After a wave of democratic socialist primary wins, a faction of Democrats is fighting back — arguing capitalism has raised more people out of poverty than any system in history and vowing to reclaim the party from the left.
“There’s a lot of us that don’t like what’s happening with the DSA (Democratic Socialists of America) — nobody’s organized,” Long Island Rep. Tom Suozzi (D-NY) told The Post, lamenting that critics “go to cocktail parties and wring their hands” while democratic socialists keep scoring wins.
His concern was underscored by yet another win by a DSA-backed candidate who knocked off 30-year congressional veteran Rep. Diana DeGette (D-Colo.).
“We’re for capitalism, not socialism. Capitalism has lifted more people out of poverty than any system in the history of the world,” he said. “It’s created better outcomes for people, but that’s not to say that we’re supportive of just the status quo.”
DeGette fell to 29-year old Melat Kiros — a DSA member herself endorsed by left-wing darling Sen. Bernie Sanders. (I-Vt.) — in last week’s primary after accusing Israel of committing “genocide” in Gaza while reaffirming comments calling the Sept. 11 attacks “inevitable.”
And Kiros is far from alone.
“Democrats have got to get back to traditional Democratic values about looking out for working men and women and trying to improve their lot in life,” Suozzi said.
He co-organized a “Promise to America” pledge along with Rep. Adam Gray (D-Calif.) for lawmakers that declares “we want safety, not lawlessness … We’re proud of America — not ashamed of America.”
Suozzi spoke while driving to the new Theodore Roosevelt Presidential library in North Dakota. He said he went on his own to check it out, not as part of President Trump’s visit that came a few hours earlier.
“I couldn’t hitch a ride on Air Force One,” he quipped, as he comments come days after Sen. John Fetterman (D-Pa.) blasted what he called an “orgy of socialism” in the party.
The nation’s most prominent democratic socialist, Rep. Alexandria Ocasio-Cortez (D-NY), on Thursday shook up the US Senate when she threw her support behind Abdul El-Sayed, the left-wing Senate candidate in Michigan. El-Sayed is battling Senate Minority Leader Charles Schumer’s choice of Rep.
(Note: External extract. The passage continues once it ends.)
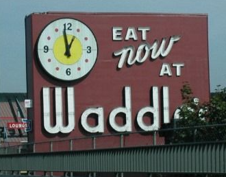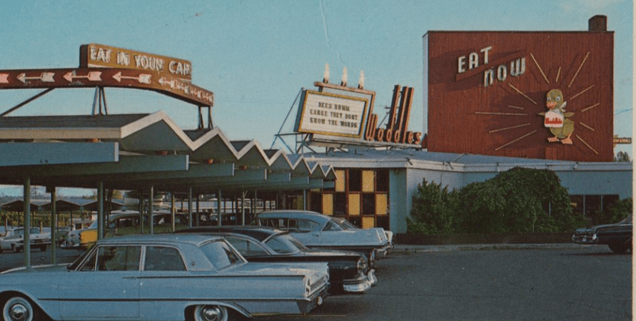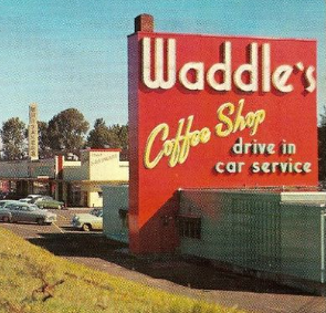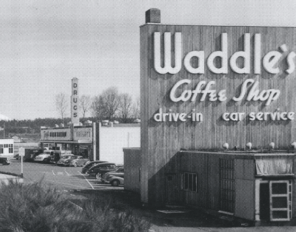 The Waddle’s Coffee Shop sign has been through countless iterations. From the 1950s, before I-5 was built:
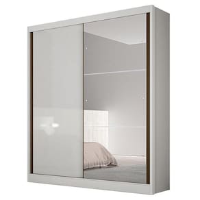 Guarda Roupa Solteiro Dante 2 Portas Neve com Espelho Novo Horizonte

Haley Stevens (D-Mich.), and her loss could foil the Dems’ chances of retaking the Senate.
Suozzi and his brethren may have their work cut out for them. A Gallup poll last September showed just 54% support for capitalism — down from 61% in 2010 and a shock poll last week showed a third of Democrats want democratic socialists in office.
Former House Speaker Nancy Pelosi (D-Calif.) in 2021 even questioned captalism: “In America, capitalism is our system, it is our economic system, but it has not served our economy as well as it should,” adding that the US should “not depart from that, but to improve it.”
Five years later, she didn’t betray any panic when she spoke to The Post after socialist candidates swept a trio of New York congressional races.
“I wouldn’t make so much of it. Nobody makes a big deal when a left-wing person wins in San Francisco and all of a sudden, New York … I loved our incumbents. I wish they had won. But in terms of what it means, it’s what it means for New York – it isn’t what it means for the rest of the country,” she said.
“It turns out capitalism is alive and very well,” then-President Joe Biden declared as the nation added 850,000 to payrolls during the recovery from COVID-19 in 2021.
Vice President Kamala Harris, who picked up the baton after Biden’s 2024 debate disaster, has been conducting her own outreach to socialists, it was revealed last week. She has been phoning and texting Mayor Mamdani, and met one-on-one with AOC at an event on empowering black women in Chicago.
That was taken as a sign of her presidential ambitions.
During her failed sprint to the White House two years ago, she told the Economic Club of Pittsburgh she was “a capitalist.”
“I promise you I will be pragmatic in my approach,” she vowed then.